Extracted records:
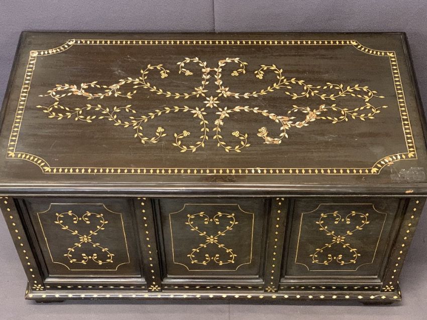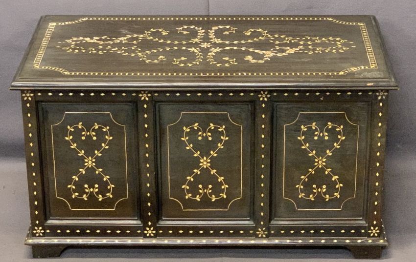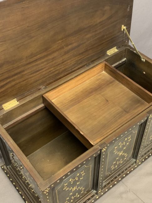 REPRODUCTION EASTERN INLAID STYLE BLANKET CHEST - interior lift-out slider, 46cms H, 85.5cms W, 44.5cms D
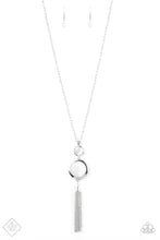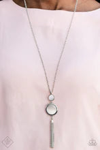 Swinging from the bottom of a glistening silver chain, glowing stacked moonstone pendants give way to a shimmery silver tassel for a refined look.
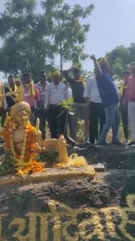 बैतूल: भगवान बिरसा मुंडा की प्रतिमा सोनाघाटी में स्थापित है जिसमे jays के कार्यकर्ताओं द्वारापीले गमछे से माल्यार्पण किया
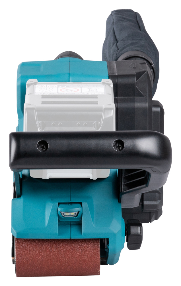Akku-Bandschleifer mit 40V max. Antrieb und einstellbarer Bandgeschwindigkeit in 5 Stufen. Der Handgriff ist werkzeuglos verstellbar (-30° - 60°), um immer die beste Arbeitsposition zu finden. Zur Ausleuchtung des Arbeitsbereichs ist eine leuchtstarke LED verbaut. Die Absaugung erfolgt in den mitgelieferten Staubsack oder über einen über Bluetooth gekoppelten AWS-Staubsauger.
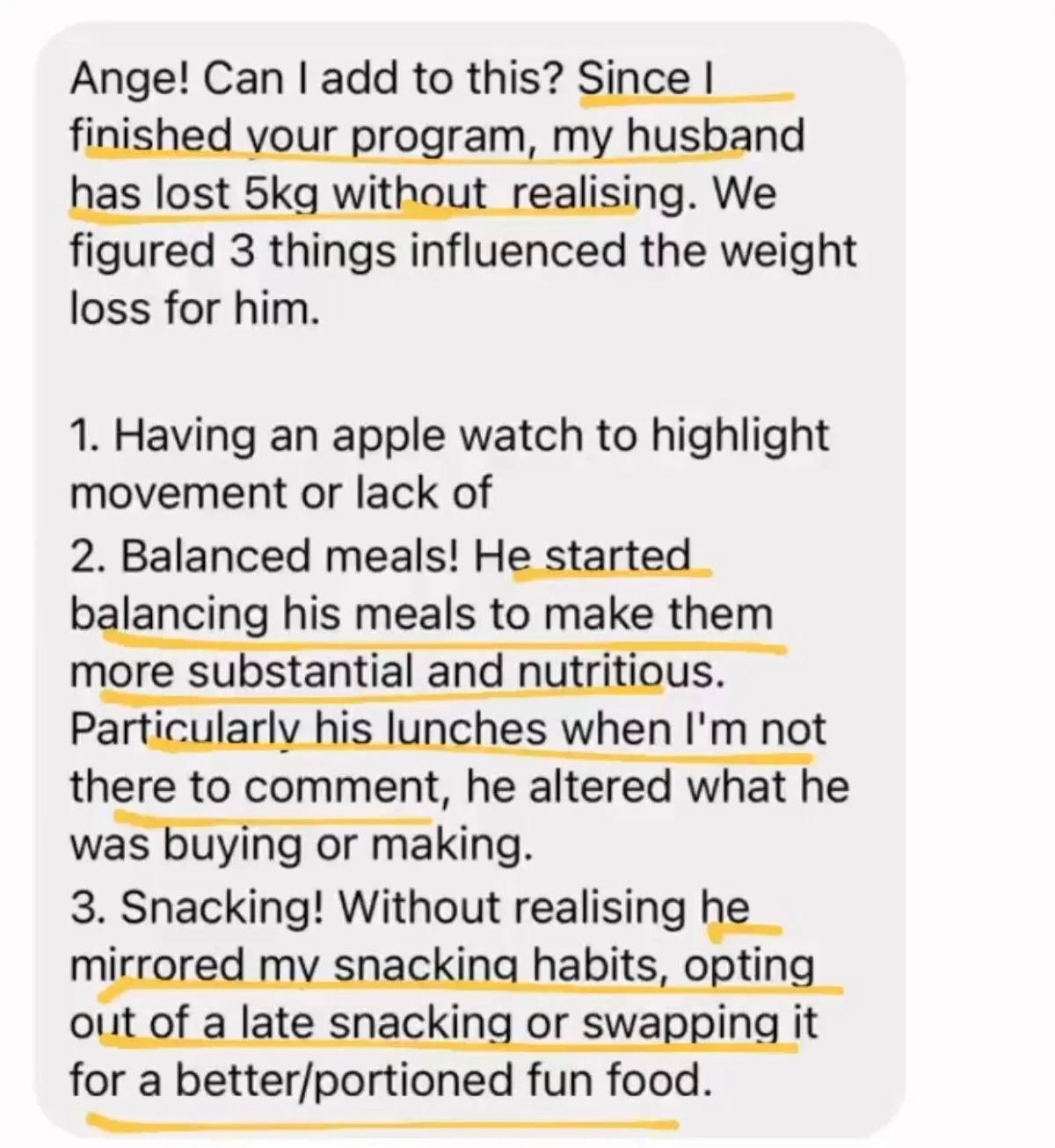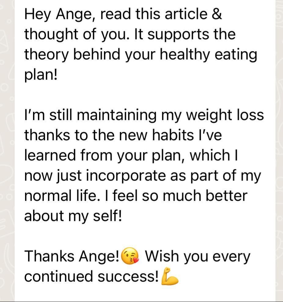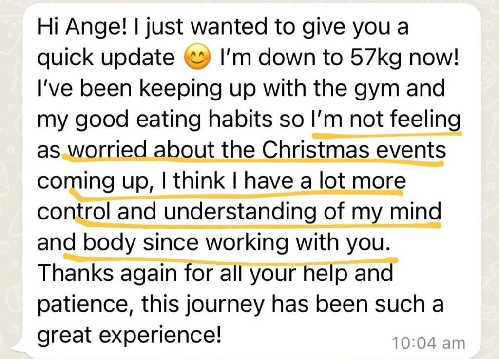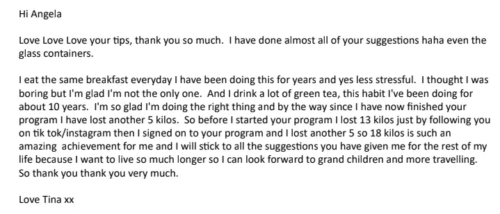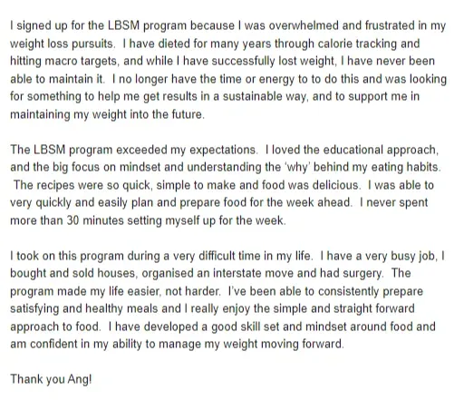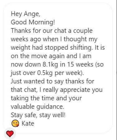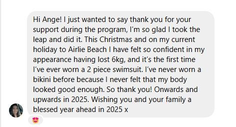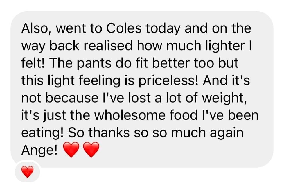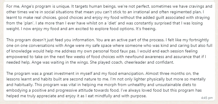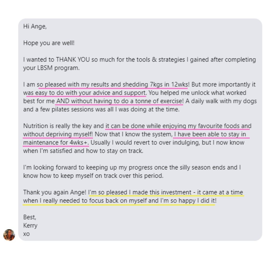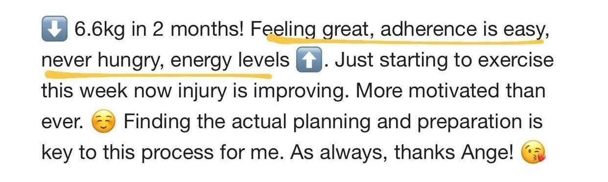 “I recently just finished my program with Ange, which has absolutely changed my life for the better. Prior meeting Ange, I’ve done almost every single diet (…) then I discovered Ange and thought if this is something that is eating in a way that I should be consistently, then this is worthwhile giving a try. I found working with her amazing. I found it hard to believe that was I was eating was going to result in any type of weight loss, but it did… every week.” - Kristy

Exercise description:
Set down exactly the lines running from the beginning of the entries above to the line that contains "बैतूल: भगवान बिरसा", including both, and leave out pictures.

Answer for the task:
 REPRODUCTION EASTERN INLAID STYLE BLANKET CHEST - interior lift-out slider, 46cms H, 85.5cms W, 44.5cms D
 Swinging from the bottom of a glistening silver chain, glowing stacked moonstone pendants give way to a shimmery silver tassel for a refined look.
 बैतूल: भगवान बिरसा मुंडा की प्रतिमा सोनाघाटी में स्थापित है जिसमे jays के कार्यकर्ताओं द्वारापीले गमछे से माल्यार्पण किया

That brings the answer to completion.